She shook her head. “I am, in so many ways I am. I’m a coward for sending you away. I’m a coward for running in the first place. And I’m a coward for not coming home when I should have.”

“But—“

“I will never, _never_ , be able to apologize enough to make up for what I took from you, Tony. But I can try. And I can apologize for what I need to do now.”

“Now? Ziva, what are you—“

“There’s a reason the world must believe I am dead, Tony. And for the same reason, I need you to disappear. With her.”

“No, Ziva, just tell me — we can go to Gibbs, we can—“

“We can’t.” Her voice cracked on the last word, and she willed the tears in her eyes to stay where they were. “I can’t — I _won’t_ risk her life. I won’t risk yours.”

“You don’t get to decide what I’m willing to risk, Ziva.”

“She needs you, Tony. More than I do right now.”

“But we—“

“No!” She hated herself for yelling, but with every sentence he spoke she could feel her resolve crumbling, her heart yearning with every beat: _go home, go home, go home_. “Nobody knows,” she whispered, her voice too soft to echo, even here. “Nobody knows she exists. That she’s mine. I need you to keep it that way.”

“Ziva, if you just tell me what’s going on, I can help you. I can protect you. We can handle it together. As partners.”

“We can’t,” she cried. “You have to be her partner now. You have to protect Tali. That’s how you protect me.”

He shook his head. “No, I can’t accept that, Ziva. I can’t leave you to fight whatever this is on your own.”

“You must.”

“But—“

“If you don’t, she’ll be alone.” She watched as he looked down at her child — _their_ child — who slept soundly next to them. “She can’t lose us both, Tony.”

“Let me help you, and she won’t lose anyone.”

“Do you think I want this?” She didn’t mean to sound angry, but the words came out without her permission, months of suppression finally given a voice. “Do you think I would choose this? This life? Do you know the cost of giving up everything you have? Everything you want? Everything you love? It’s a burden I would not wish on anybody. And yet, it is a burden I must carry, because if I don’t...if I run off with you, come back to you...if the people after me knew the extent of my love for you—“

“Please, Ziva.” His eyes were watering, and she could feel the tears streaming down her own cheeks. “There has to be another way.”
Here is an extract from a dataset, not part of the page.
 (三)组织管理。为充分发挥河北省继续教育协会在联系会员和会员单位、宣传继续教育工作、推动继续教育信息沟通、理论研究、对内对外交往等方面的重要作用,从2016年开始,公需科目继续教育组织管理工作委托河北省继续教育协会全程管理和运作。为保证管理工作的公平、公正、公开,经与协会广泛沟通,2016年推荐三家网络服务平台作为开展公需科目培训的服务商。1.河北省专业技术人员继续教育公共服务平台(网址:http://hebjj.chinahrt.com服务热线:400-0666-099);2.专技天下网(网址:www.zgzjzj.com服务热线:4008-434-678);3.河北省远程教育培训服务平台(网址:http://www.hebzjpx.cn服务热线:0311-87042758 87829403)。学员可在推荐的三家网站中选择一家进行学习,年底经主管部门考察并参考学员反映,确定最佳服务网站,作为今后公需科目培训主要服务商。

“There isn’t.” She took a breath, willed her voice to reflect more strength than she felt, before she continued. “I never should have left, never should have hid her from you, but if that means that now this—this person who’s after me doesn’t know what you mean to me? If that means that you and her — that my _family_ — will be safe?”
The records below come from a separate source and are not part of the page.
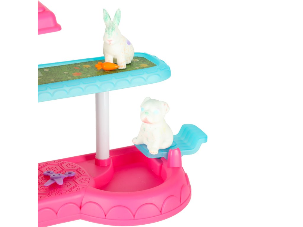 Na krabičce je vyřezávaná část (tráva). Sestavení lázní pro zvířata na hraní a vystřižení prvku z krabice by měla provádět dospělá osoba. Na hru by měla dohlížet dospělá osoba. Pozor na malé části, které zvyšují riziko udušení. Hračka s jídlem není vhodná ke konzumaci.
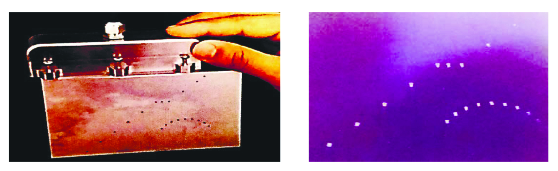 На рис. 20 иллюстрируется акустическое изображение БЦО диаметром от 1 мм, полученное методом FMC/TFM. Координаты сверлений можно определить в пределах 1 мм. Аналогичные изображения объемных дефектов можно найти в [8, 59] и других источниках. Но возникает вопрос: как выглядят акустические изображения плоскостных дефектов? Возможный ответ приведен, например, в [62]. Используя специальные алгоритмы обработки на основе метода ЦФА, авторы получили акустические изображения щели, раскрытием менее 1 мм, глубиной 4 мм в образце толщиной 17 мм из стали Ст20 в сравнении с изображением БЦО диаметром 1,5 мм — рис. 21.
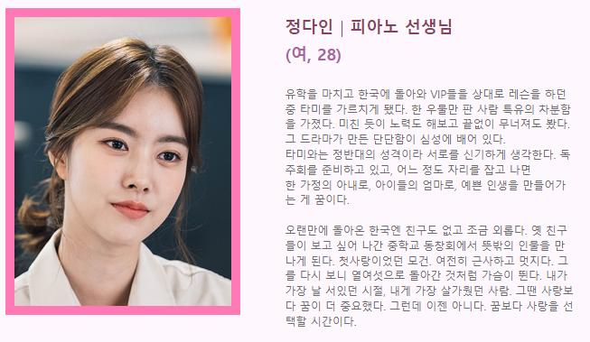 피아노선생님 정다인│ 피아노선생님(여28) 유학을 마치고 한국으로 돌아와 VIP들에게 레슨을 하던 중 타미를 가르치게 됐다. 한 우물을 판 사람 특유의 한가로움을 가지고 있다. 미친 듯이 노력도 하고 끝없이 무너져도 보았다. 그 드라마가 만든 딱딱함이 심성에 배어 있다. 타미와는 정반대의 성격이라 서로를 이상하게 생각한다. 독주회를 준비하다 어느 정도 자리를 잡으면 한 가정의 아내로서, 아이들의 어머니로서 깨끗한 인생을 만들어 가는 게 꿈이다.
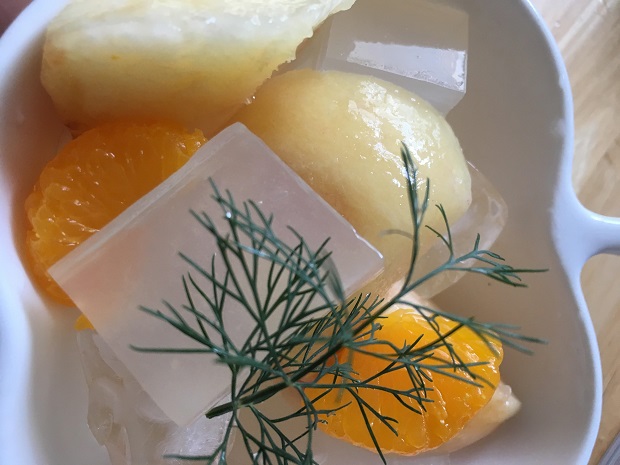 そして「ところてん」は、味付けに地域差があることでも有名です。関東以北や全国では酢醤油、関西は黒蜜、四国は出汁で食べるところもあるそうです。関西人の私は、蜜豆を作ってみました。「おいしい~」旬の桃をたっぷり使って、いろいろなデザートを作ります。
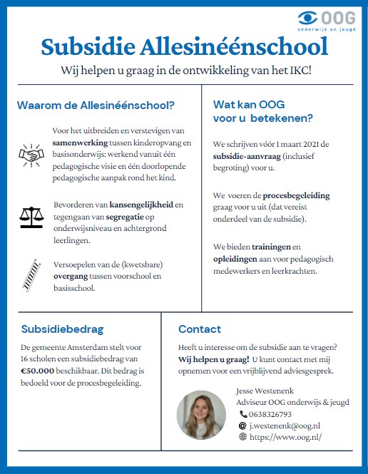 De gemeente Amsterdam stelt maximaal € 800.000,- beschikbaar voor 16 scholen (max. € 50.000,- per school) die de samenwerking met de kinderopvang willen versterken. OOG helpt graag mee met het opstellen van de subsidieaanvraag, die voor 1 maart 2021 moet zijn ingediend.
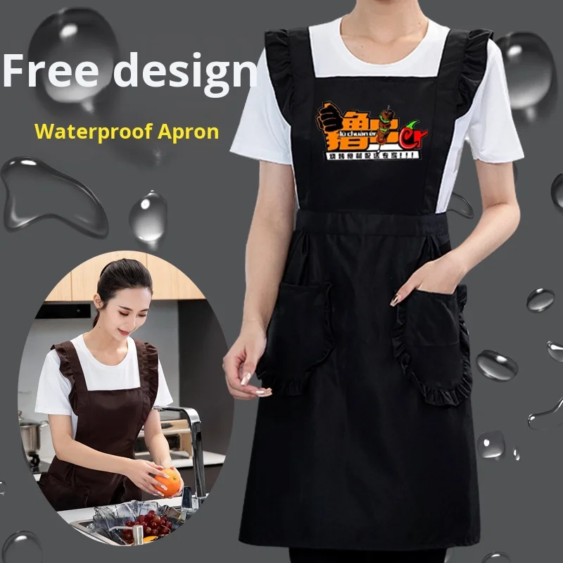 Korean Style Waterproof Lace Apron for Women Fashionable Kitchen Coffee Shop Workwear for Cake Baking Restaurant Bar Uniforms
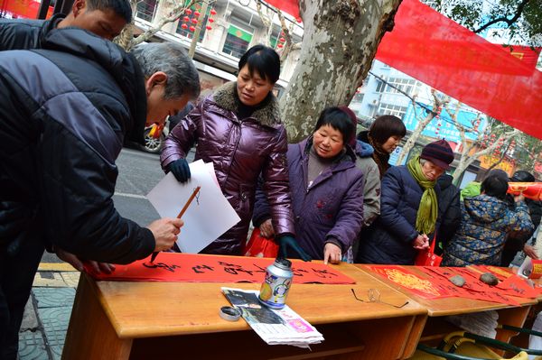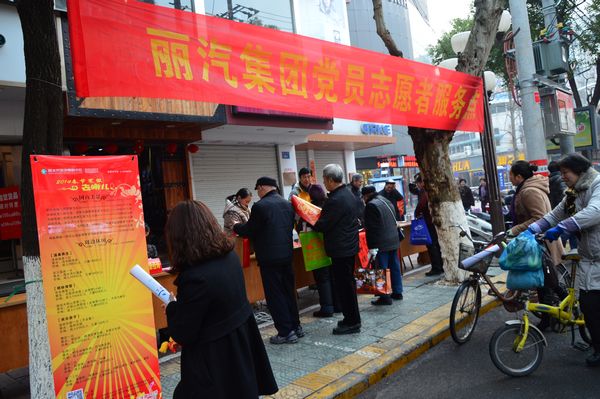 “貼上真正寫的春聯(lián),才有過年的味道”,一位排隊(duì)等候的姑娘對蘭老的字情有獨(dú)鐘。家住白云小區(qū)的齊大媽更是感慨自己已65歲,上還有90歲高齡母親,非要請?zhí)m老寫下:“今日正逢萱草壽,前身合是杏花仙”,橫披“九十大壽”對聯(lián),作為母親九十大壽的賀禮。拿到對聯(lián)后的齊大媽稱心滿意地說:“今天我非常高興、開心,你們這么冷的天為我們義務(wù)寫對聯(lián),抽出休息時間為人民服務(wù),祝福你們麗汽集團(tuán)生意越做越大?!?br/> 黨員們在中山街上頂著寒風(fēng),冒著嚴(yán)寒,不斷為市民們送福字,寫對聯(lián),送對聯(lián),把暖暖的祝福送給市民。據(jù)統(tǒng)計(jì),集團(tuán)公司黨員服務(wù)一條街,送出“福”字1500余張,送出對聯(lián)200余副,發(fā)放班車時刻表、旅游信息表等1000余張。

“We aren’t a family without you. If you aren’t safe, neither are we.”

“Tony—“

“No, Ziva! You don’t get to do this again!” She knew he’d be angry, knew he was entitled to feel much more than anger, but she still felt something shatter inside her as he raised his voice. “You don’t get to leave me. You don’t get to decide that your life is worth less than the people who love you. How many times have we faced impossible situations and gotten out of it? You think I’m afraid of whoever this new threat is? Whatever it is, we can face them _together_.”

“It’s too dangerous.“

“ _Nothing_ is too dangerous. Not for you.”

“This isn’t Somalia, Tony! You can’t go on a suicide mission to save me! You shouldn’t even be here right now!”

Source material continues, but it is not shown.